A gasp from her gave him access, and he swept his tongue into her mouth to taste her.

His arm tightened round her waist, as he deepened the kiss, exploring and teasing as she responded in a way that fired his blood and made him hard as iron.

He moved the angle of his head, tightening his hold, wanting her closer, his mouth wanting to claim and devour. Dimly, somewhere in the back of his head, he knew this was wrong, but he couldn’t seem to stop kissing her. She was water in a desert to his parched soul, and he wanted to drown in her.

A bird call nearby disturbed the peace of the afternoon, and she jerked as if coming back to herself and pulled away, fought her way out of his embrace. Reluctantly he let her go. Dazed by the passion of their kiss, he stared down at her dumbly.

Her eyes were wide, their pupils full and black, her lips swollen from the punishment of his mouth, her breasts rose and fell rapidly in the confines of her modest gown.

“This is wrong, my lord. I could lose my post!” she said, breathless. She backed away and fled, leaving the basket at his feet and the scent and feel of her branded on his soul.

He closed his eyes a moment, adjusting to the loss of her from his arms.

She was right. She was Robert’s employee, and he had just taken advantage of her like the lowest and most disgusting of reprobates.

He had always despised men of his class who took advantage of the servants.

Even as a goatish young lad, he had not done it.

Perhaps it was because his sire had been so free with the chambermaids, and he saw what it did to his mother.

They were both dead and gone now, but that didn’t mean he had leave to start emulating the worst aspects of his sire’s behavior.

Disgusted with himself, he turned aside, and then seeing the basket of roses she had left, he picked it up and took it back to the house, leaving it in the duchess’s drawing room for someone to find. He then went to the library in search of a drink.

*

Annis gained her bedchamber once more, shaken to her core. Hot tears stung her lids and rolled down her cheeks as shame excoriated her soul. She was so close to becoming what she had vowed she never would be: a fallen woman.

All her efforts would be in vain if she let him have his way and, God forgive her, she wanted him to. His kisses had scalded her, his hard lean form pressed against her had been delicious, his lips even more so, the tingling pleasure igniting the fire between her legs and making a strumpet of her.

She stumbled to the bed her hand to her mouth to stifle her sobs.

A governess’s life was lonely, caught between upstairs and downstairs, never belonging in either.

She hungered for the felicity of connection and rapport, and even more perhaps for physical touch, for no one touched the governess.

No, that was not entirely true.
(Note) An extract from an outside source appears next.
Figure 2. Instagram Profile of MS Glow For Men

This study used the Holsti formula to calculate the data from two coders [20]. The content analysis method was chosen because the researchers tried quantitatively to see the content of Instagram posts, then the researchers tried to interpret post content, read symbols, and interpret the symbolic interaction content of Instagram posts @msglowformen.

Her charges gave her hugs on occasion.

But a young lady’s hug was a different matter to an embrace from a virile man.

The truth was she did hunger for the viscount’s touch.

It had crept up on her over the past few days as she spent increasing amounts of time in his company, as he took her hand to help her down a set of steps or over a rough bit of ground, as he smiled at her and engaged her in conversation as if she were an equal.
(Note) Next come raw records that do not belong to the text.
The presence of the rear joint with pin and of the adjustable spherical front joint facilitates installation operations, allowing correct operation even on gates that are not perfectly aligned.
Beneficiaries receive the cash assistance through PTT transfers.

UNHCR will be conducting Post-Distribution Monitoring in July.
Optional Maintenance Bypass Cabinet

As he hauled her and his son against his hot, lean body in the lake.

She was a wanton. There was no way round it. She had let him kiss her, encouraged it, responded in the most brazen fashion to his passion. How am I ever to face him after this?

Annis kept to her room for the remainder of the afternoon, only descending to dinner after a lengthy debate with herself over whether she could face the viscount.

But she reasoned that she would have to face him on the morrow anyway, and it was better to get it over with sooner rather than later.

And besides, she didn’t want him to think she was going to make a fuss about it.

She would behave completely appropriately; her demeanor would give no hint of what had transpired between them.

The sooner it was forgotten the better. And she would be careful not to be alone with him again.

It was essential that no one guess there was anything between them.

Her reputation and the security of her position depended on it.